START Exercise data

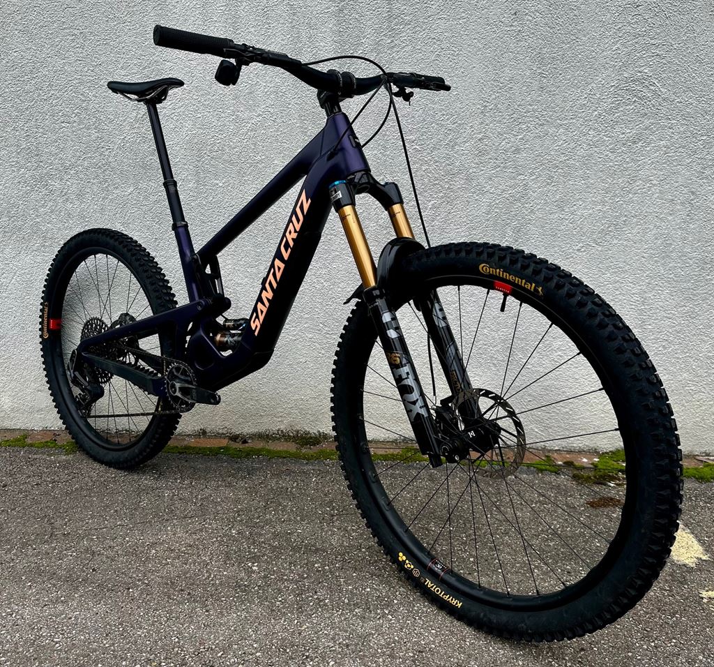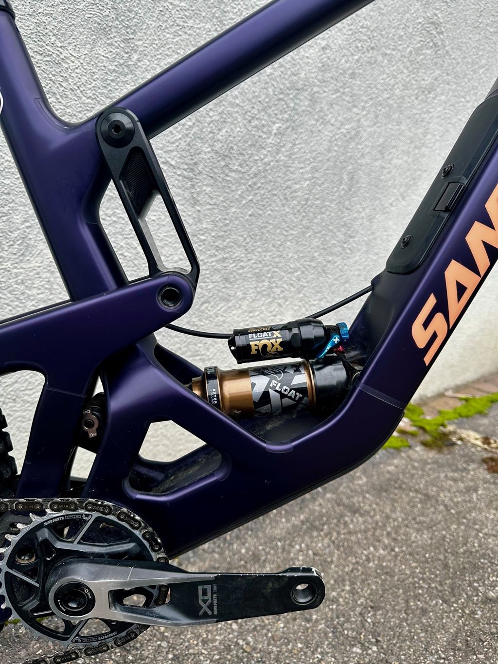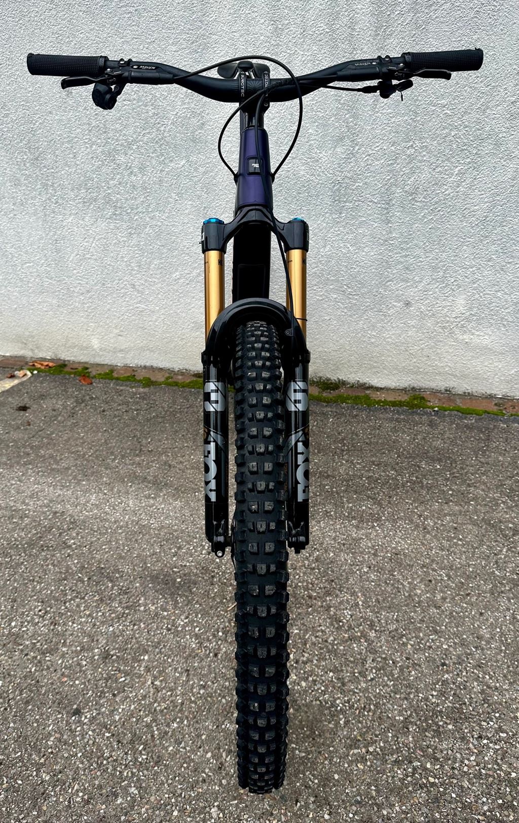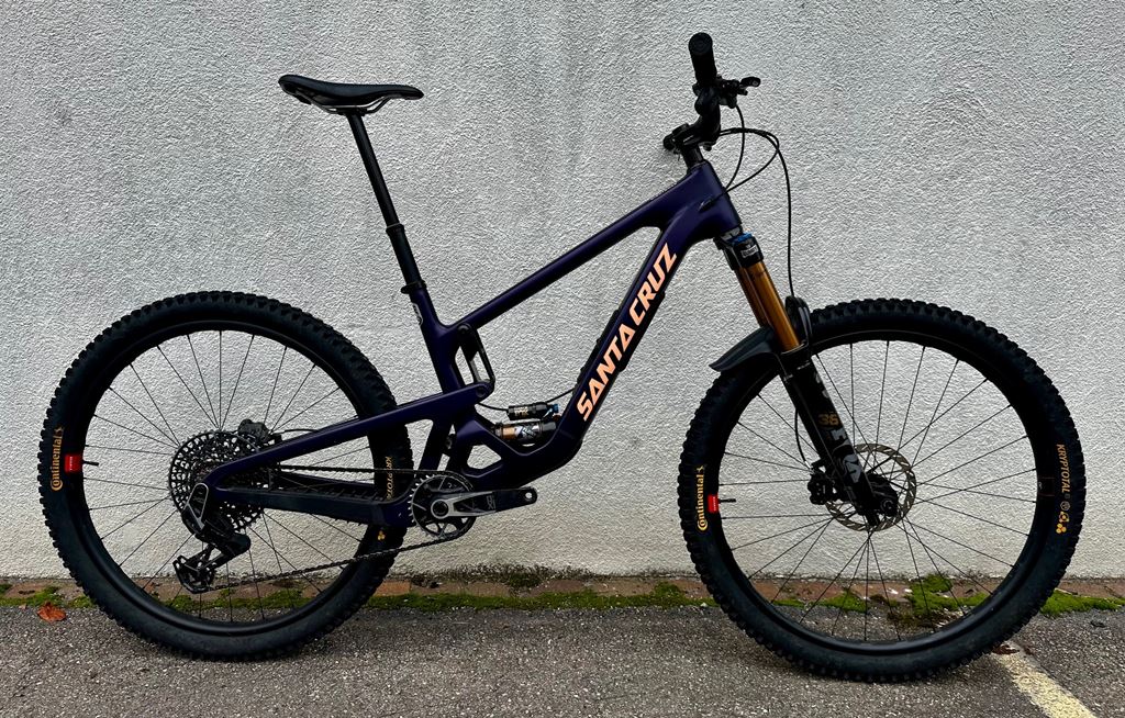 - Carbon CC Rahmen Fox 36 Float Factory Federgabel FOX Float X Factory Dämpfer SRAM X0 Eagle AXS Transmission Antrieb Reserve 30|HD Carbon Laufräder Farbe: Matte Deep Purple | Größe:L (5'9" - 6'1" / 175 - 185cm) Das Velo ist im TOP-Zustand - Es wurde nur wenig bewegt, dennoch komplett frisch geserviced und Rahmen als auch Gabel waren von Beginn an komplett abgeklebt (RideWrap). Gesamtspezifikationen: Gabel - Fox 36 Float Factory, Grip X2, 160mm Dämpfer - FOX Float X Factory, 230x57.5 Tretlager - SRAM DUB 73mm MTB Wide BB Kassette - SRAM X0 Eagle T-Type, 10-52t Kette - SRAM X0 Eagle T-Type, Flattop, 12spd Kurbel - SRAM X0 Eagle DUB T-Type Crankset, 32t Schaltwerk - SRAM X0 Eagle AXS T-Type, 12spd Schalthebel - SRAM AXS Pod Controller Rocker Paddle Bremsen - SRAM Maven Silver Stealth Griffe - Santa Cruz Bicycles House Grips Lenker - Santa Cruz 35 Carbon Bar, 760mm Steuersatz - Cane Creek 40 IS Integrated Headset Sattel - WTB Silverado Medium Fusion, CroMo SL Sattelstütze - OneUp Dropper Post, 31.6, 210 mm Vorbau - Burgtec Enduro Stem, 42mm Felge vorne - Reserve 30|HD Carbon Nabe vorne - Industry Nine 1/1, 15x110, 6-Bolt, 28h Vorderreifen - Continental Kryptotal DH, SuperGrip Felge hinten - Reserve 30|HD Carbon Nabe hinten - Industry Nine 1/1, 12x148, XD, 6-Bolt, 28h Hinterreifen - Continental Kryptotal DH, SuperGrip Ventile - Reserve Fillmore Valves
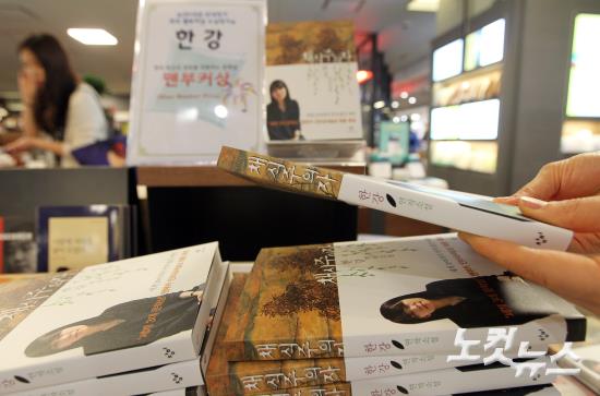17일 오전 서울 광화문 교보문고에서 관계자가 한국인 최초로 세계적 권위의 맨부커상을 받은 소설가 한강의 소설 ‘채식주의자’ 를 정리하고 있다. 영미권 최고 권위를 자랑하는 맨부커상은 노벨문학상, 프랑스 콩쿠르상과 함께 세계 3대 문학상으로 꼽히고 있다.
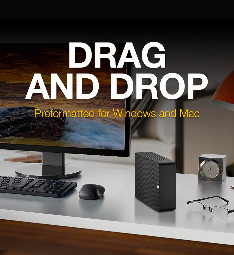 Disque Dur Externe Desktop Seagate Expansion 12 To - HDD 3.5" USB 3.0 Haute Vitesse - Compatible PC, Mac - Solution de Sauvegarde Instantanée - Noir
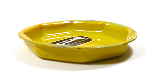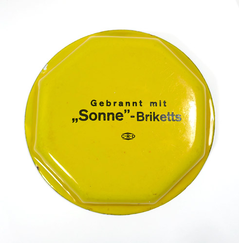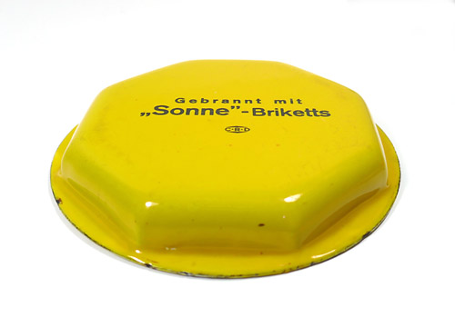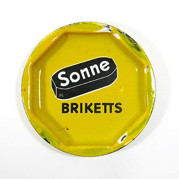 Leuchtend gelb emaillierter, flach schalenförmiger Metallkorpus mit ausgestelltem Randbereich, nach innen hier 8-eckige Begrenzung. Im Grund der Schale stilisierte Darstellung eines Briketts mit der Bezeichnung "Sonne", darunter "BRIKETTS". Rückseitig Bezeichnung "Gebrannt mit Sonne-Briketts" sowie Hersteller-Logo "CRD", bisher nicht "aufgelöst. Durchmesser ca. 12,5 cm, Höhe ca. 2 cm, moderate Abplatzer der Emaille im Randbereich (siehe Fotos), sonst eher geringe Alters- und Gebrauchsspuren. Wohl 1920er Jahre.
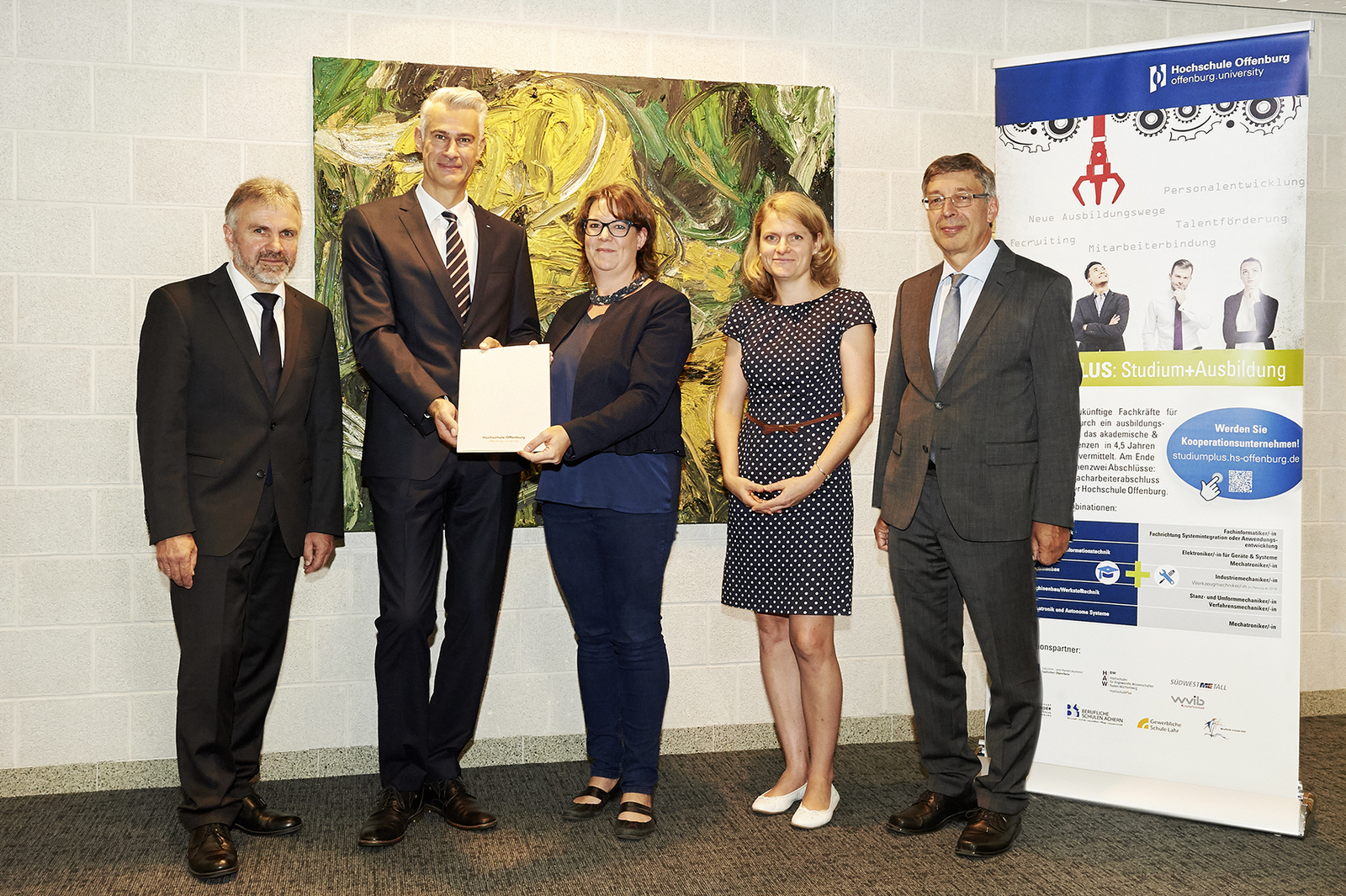 In nur 4,5 Jahren wird im ausbildungsintegrierten StudiumPLUS: Studium+Ausbildung ein Bachelorstudium mit einer Berufsausbildung der Industrie- und Handelskammer (IHK) kombiniert. „Auch die zukünftigen Studierenden erkennen das Potenzial“, weiß Eva Hildenbrand, Koordinatorin StudiumPLUS der Hochschule Offenburg: „Weil sie frühzeitig in Unternehmen eingebunden werden, erlangen sie praktische und persönlichkeitsfördernde Kompetenzen, die ihre Chancen erheblich steigern, nach Ausbildung und Studium übernommen zu werden.“

END Exercise data

**Problem requirements:** Copy exactly the material above from the line with "17일 오전 서울 광화문" to the line with "Disque Dur Externe", ends included, and nothing else. Leave out any picture.

**Solution for this problem:**
17일 오전 서울 광화문 교보문고에서 관계자가 한국인 최초로 세계적 권위의 맨부커상을 받은 소설가 한강의 소설 ‘채식주의자’ 를 정리하고 있다. 영미권 최고 권위를 자랑하는 맨부커상은 노벨문학상, 프랑스 콩쿠르상과 함께 세계 3대 문학상으로 꼽히고 있다.
 Disque Dur Externe Desktop Seagate Expansion 12 To - HDD 3.5" USB 3.0 Haute Vitesse - Compatible PC, Mac - Solution de Sauvegarde Instantanée - Noir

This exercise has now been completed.